Federal employees are in line for a raise averaging 1.6 percent, varying somewhat by location, in January. Federal retirees will learn in late October about a January cost-of-living adjustment to their benefits; with one month to go, the inflation count used in that calculation stands at below 1 percent.
OPM officials added that many enrollees with only one eligible family member could benefit by switching from family coverage to self-plus-one, an option introduced into the program last fall for this year. They estimate that 1 million FEHBP enrollees have just one eligible family member, but about half of them are still in the generally more expensive family coverage.
“We’re hoping that those who have not looked at self-plus-one will consider it,” O’Brien said.
However, in about 40 plans, which account for about 5 percent of enrollments, self-plus-one is more expensive than family coverage. That’s largely due to the overall higher cost of insuring the relatively high percentage of retirees and older employee couples with no eligible children who are most likely to choose self-plus-one, officials said.
The open season also is the annual opportunity to join or change options in a separate program, the Federal Dental and Vision Insurance Program. That program offers federal employees and retirees the choice of a smaller number of vision and/or dental coverage plans with no government subsidy. Rates are increasing 1.9 percent on average for dental plans and 6.3 percent on average for vision plans.
In both the FEHBP and FEDVIP programs, coverage continues year to year, subject to the new premium rates and benefits, unless the enrollee makes a change.

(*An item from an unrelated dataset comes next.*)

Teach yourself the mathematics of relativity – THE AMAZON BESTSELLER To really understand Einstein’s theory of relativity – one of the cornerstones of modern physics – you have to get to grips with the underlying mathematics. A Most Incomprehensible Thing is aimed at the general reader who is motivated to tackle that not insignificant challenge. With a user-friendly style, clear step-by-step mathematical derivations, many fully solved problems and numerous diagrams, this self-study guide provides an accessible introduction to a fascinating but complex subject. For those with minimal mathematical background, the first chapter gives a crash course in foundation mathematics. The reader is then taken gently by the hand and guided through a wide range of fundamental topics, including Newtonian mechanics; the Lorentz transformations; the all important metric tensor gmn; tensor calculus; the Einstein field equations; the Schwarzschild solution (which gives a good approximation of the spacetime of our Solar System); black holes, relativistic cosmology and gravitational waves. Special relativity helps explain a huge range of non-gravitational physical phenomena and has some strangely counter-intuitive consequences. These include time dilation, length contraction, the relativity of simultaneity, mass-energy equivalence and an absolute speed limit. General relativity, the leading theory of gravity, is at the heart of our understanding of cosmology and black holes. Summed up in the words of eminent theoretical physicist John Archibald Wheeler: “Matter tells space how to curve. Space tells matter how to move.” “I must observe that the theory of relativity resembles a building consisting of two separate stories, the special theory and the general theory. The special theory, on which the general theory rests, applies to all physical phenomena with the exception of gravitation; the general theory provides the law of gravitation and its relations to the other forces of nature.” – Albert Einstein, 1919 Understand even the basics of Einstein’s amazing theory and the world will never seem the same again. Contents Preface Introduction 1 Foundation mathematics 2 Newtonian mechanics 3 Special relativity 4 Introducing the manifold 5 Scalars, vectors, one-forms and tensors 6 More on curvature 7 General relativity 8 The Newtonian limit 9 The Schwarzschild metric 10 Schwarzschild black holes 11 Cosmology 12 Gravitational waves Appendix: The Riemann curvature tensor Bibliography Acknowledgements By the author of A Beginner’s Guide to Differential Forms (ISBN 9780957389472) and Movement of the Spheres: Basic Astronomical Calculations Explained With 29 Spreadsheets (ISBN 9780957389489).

However, a new election is required each open season in the separate flexible spending account program, which allows active employees, although not retirees, to set aside money pre-tax to pay for certain health care and dependent care expenses. The 2017 maximums will remain $2,550 and $5,000, respectively, OPM said.
The announcement comes just ahead of the close of election periods for the two other government-sponsored insurance programs for federal employees and retirees.

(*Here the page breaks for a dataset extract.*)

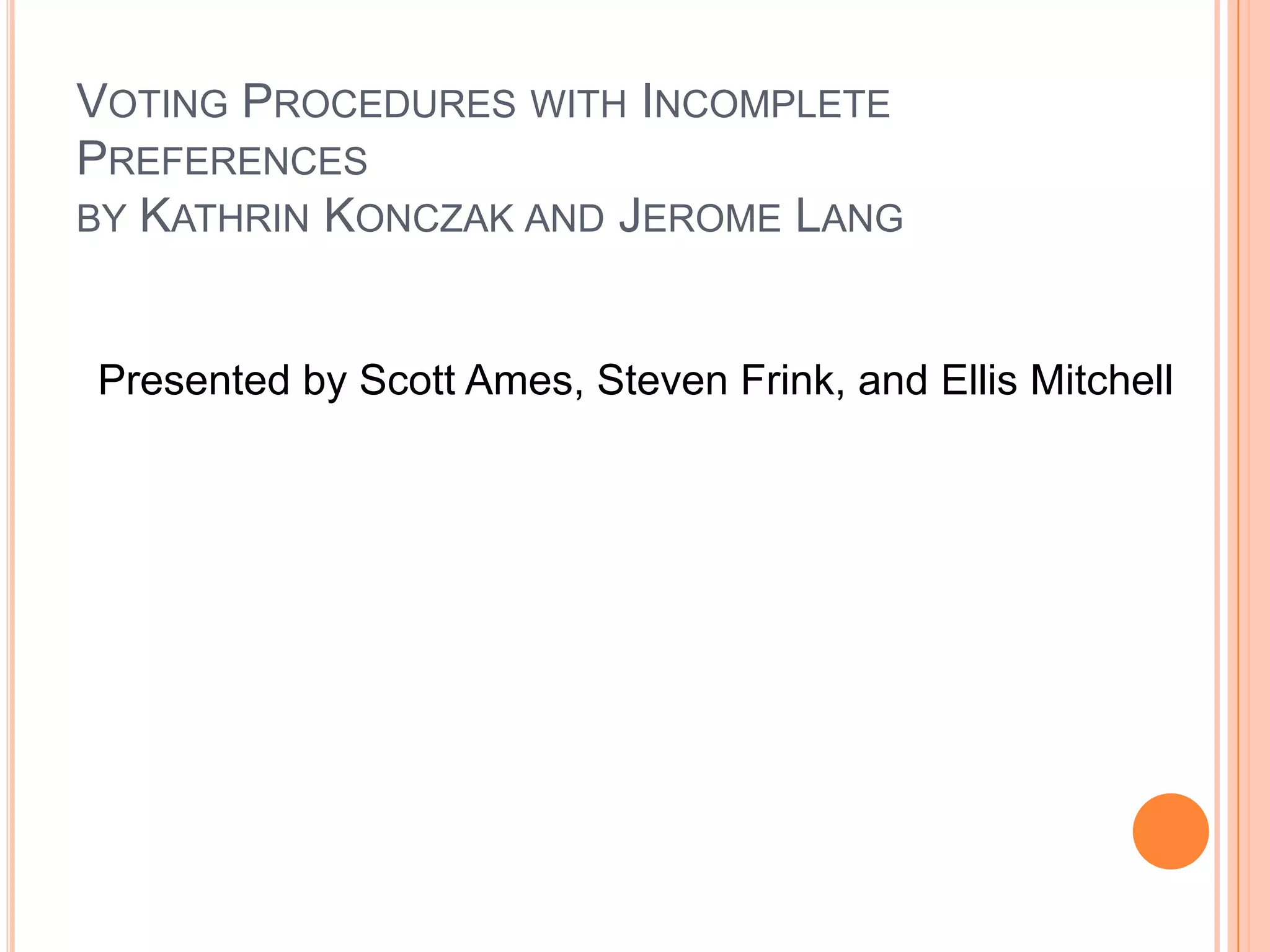 This document summarizes research on voting procedures with incomplete voter preferences. It introduces the concepts of possible and necessary winners given incomplete information about voter preferences. It shows that for positional scoring procedures and the Condorcet rule, possible and necessary winners can be computed efficiently in polynomial time by looking at minimum and maximum ranks candidates could achieve. The document also discusses manipulation and elicitation in this setting.

In the Federal Employees’ Group Life Insurance program, active employees can newly enroll or increase existing coverage during an open season ending Friday. Open seasons in that program are rare and such changes otherwise can be made only after experiencing certain life events or on passing a medical exam.
Also, an “enrollee decision period” ends Friday in the Federal Long-Term Care Insurance Program. That offers enrollees facing premium increases in November averaging 83 percent to restructure their benefits — for example, reducing inflation protection — to soften or eliminate the increase. Most of those affected also can invoke a paid-up provision allowing them to stop paying premiums while remaining eligible for a benefit, although a much-reduced one.